Past the hosting station, a bartender noticed Sarah’s picture. When Anna locked in on him, he quickly looked down and went back to drying off coupe glasses.
“I’m sorry,” said the hostess. “I don’t recognize her. Even if I did, club policy is to not discuss employees or disseminate employee information.”
“I bet it isn’t,” Anna snapped.
“You’ll have to pardon my friend,” Bamert told the hostess. “She takes l
ithium.” He grabbed Anna by the arm and escorted her to the bar.
“Anna, there is a delicate waltz to this sort of thing,” he told her. It was as quiet a voice as he could muster, still loud enough to be heard from Marin County. “You can’t walk in here cold and brandish images of dead women at these people.”
“Screw that lady,” Anna said.
“Calm down. Let’s have an amuse-bouche and then reassess our strategy, shall we?” He leered at the buffet. “I am having so many inappropriate thoughts right now.”
It was clear that Bamert had been savoring this jaunt for weeks, but for altogether different reasons. A waiter walked by with a tray of free champagne flutes and Bamert snatched two of them off the side of it, leaving the tray unbalanced and nearly causing the server to drop it. Then he grabbed a scalloped edge plate from the end of the Happy Hour spread and loaded up on crispy pig ears, duck rolls, miniature banh mi sandwiches, lobster tempura, and fatty slabs of raw toro arranged in a flower pattern. An older couple took too long at a hotel pan filled with gummy pasta and Bamert cruised around them, loading up on pickled red onions and potatoes fried in goose fat.
The bartender discreetly wandered toward to Anna. He couldn’t have been more than twenty: an Indian-American man in buttoned crew neck shirt with the top button open. A small flap of the collar hung down with fashionable precision. Two other bartenders had the exact same flap. There must have been a MyClub company style guide mandating the exact angle and cut of the flap.

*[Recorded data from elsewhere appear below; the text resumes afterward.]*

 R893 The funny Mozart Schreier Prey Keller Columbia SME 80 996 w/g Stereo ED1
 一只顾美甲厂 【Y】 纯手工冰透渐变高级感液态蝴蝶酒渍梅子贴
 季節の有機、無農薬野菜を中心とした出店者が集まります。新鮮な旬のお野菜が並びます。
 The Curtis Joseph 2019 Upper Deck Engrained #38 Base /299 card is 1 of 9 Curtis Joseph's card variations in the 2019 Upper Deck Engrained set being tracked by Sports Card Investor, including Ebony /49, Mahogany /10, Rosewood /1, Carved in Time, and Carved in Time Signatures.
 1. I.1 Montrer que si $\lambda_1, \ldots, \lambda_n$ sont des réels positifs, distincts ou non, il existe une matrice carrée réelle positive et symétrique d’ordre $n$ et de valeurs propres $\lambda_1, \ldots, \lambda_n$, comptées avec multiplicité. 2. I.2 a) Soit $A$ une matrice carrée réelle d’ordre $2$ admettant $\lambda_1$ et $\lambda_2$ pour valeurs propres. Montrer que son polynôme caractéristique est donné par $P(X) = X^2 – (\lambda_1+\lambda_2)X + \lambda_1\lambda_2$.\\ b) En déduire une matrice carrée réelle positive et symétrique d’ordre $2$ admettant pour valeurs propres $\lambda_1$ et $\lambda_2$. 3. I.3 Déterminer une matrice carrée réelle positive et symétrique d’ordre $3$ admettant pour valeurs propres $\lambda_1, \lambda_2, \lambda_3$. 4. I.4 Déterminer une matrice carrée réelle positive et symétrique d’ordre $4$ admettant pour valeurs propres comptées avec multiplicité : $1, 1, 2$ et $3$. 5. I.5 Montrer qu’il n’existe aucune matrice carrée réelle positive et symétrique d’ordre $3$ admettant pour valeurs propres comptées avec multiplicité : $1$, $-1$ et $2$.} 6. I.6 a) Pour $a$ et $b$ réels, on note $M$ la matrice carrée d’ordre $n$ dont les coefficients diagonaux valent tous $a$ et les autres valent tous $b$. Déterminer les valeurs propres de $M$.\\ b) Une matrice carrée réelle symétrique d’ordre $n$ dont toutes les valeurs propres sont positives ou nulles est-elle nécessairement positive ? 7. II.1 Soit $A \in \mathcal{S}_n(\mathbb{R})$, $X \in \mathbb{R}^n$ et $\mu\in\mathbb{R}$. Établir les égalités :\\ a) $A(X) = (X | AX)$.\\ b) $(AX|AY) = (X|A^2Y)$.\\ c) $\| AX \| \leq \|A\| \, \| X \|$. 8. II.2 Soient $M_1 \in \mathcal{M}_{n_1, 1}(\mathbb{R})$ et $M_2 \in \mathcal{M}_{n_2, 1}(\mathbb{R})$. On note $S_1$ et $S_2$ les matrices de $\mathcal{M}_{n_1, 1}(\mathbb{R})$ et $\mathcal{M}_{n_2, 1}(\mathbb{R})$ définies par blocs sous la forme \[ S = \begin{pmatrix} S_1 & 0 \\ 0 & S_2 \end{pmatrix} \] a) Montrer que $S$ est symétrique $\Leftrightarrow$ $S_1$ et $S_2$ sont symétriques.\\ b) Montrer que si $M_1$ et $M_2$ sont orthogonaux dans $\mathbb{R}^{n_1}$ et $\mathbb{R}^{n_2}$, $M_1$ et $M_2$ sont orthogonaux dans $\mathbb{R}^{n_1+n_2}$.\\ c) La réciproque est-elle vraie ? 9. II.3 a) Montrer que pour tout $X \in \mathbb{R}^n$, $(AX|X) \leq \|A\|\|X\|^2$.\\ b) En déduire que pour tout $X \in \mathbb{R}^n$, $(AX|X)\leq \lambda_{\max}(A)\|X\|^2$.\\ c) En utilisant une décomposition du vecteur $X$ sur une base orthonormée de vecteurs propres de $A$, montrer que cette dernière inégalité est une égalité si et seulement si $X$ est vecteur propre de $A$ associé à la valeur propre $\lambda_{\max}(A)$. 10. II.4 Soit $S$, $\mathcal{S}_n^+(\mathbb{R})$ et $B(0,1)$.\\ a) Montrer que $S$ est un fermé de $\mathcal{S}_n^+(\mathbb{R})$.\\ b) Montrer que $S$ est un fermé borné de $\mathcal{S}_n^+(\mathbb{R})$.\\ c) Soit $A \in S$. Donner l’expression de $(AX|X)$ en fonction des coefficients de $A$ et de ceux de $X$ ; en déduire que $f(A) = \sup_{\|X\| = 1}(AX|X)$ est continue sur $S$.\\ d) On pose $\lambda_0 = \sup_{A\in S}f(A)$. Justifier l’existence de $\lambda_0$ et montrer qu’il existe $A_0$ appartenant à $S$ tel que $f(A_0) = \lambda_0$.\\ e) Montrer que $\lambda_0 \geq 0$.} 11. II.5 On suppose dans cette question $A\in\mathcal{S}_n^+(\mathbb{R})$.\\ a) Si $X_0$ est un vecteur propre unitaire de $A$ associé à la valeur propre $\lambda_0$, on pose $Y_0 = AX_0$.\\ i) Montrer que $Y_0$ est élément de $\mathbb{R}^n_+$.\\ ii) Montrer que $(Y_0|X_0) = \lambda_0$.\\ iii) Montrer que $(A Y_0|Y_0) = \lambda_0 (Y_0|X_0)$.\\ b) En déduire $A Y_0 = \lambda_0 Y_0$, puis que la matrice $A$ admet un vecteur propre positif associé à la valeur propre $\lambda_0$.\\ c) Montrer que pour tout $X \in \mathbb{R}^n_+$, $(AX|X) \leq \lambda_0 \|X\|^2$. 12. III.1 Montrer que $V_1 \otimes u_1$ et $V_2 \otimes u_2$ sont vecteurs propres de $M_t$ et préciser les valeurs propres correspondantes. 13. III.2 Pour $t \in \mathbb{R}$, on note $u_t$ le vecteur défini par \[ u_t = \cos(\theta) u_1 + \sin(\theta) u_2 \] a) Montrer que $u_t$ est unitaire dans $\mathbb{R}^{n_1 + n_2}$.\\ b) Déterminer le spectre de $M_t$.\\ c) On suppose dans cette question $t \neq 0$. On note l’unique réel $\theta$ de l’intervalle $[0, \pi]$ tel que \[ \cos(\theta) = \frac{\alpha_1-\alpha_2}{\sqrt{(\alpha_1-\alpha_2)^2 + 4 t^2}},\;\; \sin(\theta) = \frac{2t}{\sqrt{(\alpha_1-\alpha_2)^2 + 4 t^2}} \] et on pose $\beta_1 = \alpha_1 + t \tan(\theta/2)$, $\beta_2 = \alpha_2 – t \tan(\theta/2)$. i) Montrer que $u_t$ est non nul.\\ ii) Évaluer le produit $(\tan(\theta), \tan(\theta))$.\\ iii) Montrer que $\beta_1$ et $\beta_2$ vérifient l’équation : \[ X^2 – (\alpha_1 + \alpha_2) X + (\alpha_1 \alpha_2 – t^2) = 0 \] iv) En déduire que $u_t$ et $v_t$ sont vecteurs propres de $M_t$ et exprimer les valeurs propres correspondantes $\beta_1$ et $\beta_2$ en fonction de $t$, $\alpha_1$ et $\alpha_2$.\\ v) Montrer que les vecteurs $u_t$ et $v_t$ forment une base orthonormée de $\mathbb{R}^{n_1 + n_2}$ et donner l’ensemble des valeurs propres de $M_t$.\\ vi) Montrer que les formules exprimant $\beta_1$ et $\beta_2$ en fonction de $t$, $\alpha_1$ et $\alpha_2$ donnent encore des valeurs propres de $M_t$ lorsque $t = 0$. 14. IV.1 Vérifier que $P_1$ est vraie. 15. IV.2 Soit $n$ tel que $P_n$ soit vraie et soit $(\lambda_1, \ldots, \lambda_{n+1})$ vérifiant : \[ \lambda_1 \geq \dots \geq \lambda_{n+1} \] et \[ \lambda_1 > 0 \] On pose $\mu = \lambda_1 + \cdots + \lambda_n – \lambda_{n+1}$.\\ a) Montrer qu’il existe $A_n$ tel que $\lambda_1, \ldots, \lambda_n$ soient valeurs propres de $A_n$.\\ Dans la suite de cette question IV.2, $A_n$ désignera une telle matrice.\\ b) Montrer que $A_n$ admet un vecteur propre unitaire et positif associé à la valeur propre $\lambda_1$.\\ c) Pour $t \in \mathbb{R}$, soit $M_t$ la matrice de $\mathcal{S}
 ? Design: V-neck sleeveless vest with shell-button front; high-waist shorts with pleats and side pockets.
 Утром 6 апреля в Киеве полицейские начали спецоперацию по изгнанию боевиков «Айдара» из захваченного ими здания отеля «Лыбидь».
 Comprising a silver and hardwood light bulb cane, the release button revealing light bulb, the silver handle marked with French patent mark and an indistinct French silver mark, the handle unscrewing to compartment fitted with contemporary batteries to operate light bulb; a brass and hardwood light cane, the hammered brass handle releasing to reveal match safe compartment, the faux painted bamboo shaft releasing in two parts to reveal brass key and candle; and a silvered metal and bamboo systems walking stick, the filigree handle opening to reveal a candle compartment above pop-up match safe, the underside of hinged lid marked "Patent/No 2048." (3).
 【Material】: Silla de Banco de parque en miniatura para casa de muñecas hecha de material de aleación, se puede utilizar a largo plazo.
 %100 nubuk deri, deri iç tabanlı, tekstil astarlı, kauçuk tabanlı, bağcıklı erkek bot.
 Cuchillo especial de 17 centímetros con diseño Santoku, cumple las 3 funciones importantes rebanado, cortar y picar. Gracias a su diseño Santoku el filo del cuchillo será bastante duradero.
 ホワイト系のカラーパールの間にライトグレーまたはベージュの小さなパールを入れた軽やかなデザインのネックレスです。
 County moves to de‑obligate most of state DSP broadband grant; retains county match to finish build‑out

“Would you like a cocktail?” the bartender asked her.
“I’ll just have a Red Bull,” Anna said.
“On the rocks?”
“Uh, sure?”
“One Red Bull on the rocks, coming up.”
“Wait.”
The bartender gave Anna a swift and somber shake of his head. This wasn’t the place. When he came back with her Red Bull, she shifted into loose code.
“We were thinking about going to dinner after this,” Anna told him.
The bartender looked over at Bamert, who was still loading up on food like he was at a mafia wedding. “Really?”
“Yeah. My friend will still be hungry. He’s insane. You have any places you like?”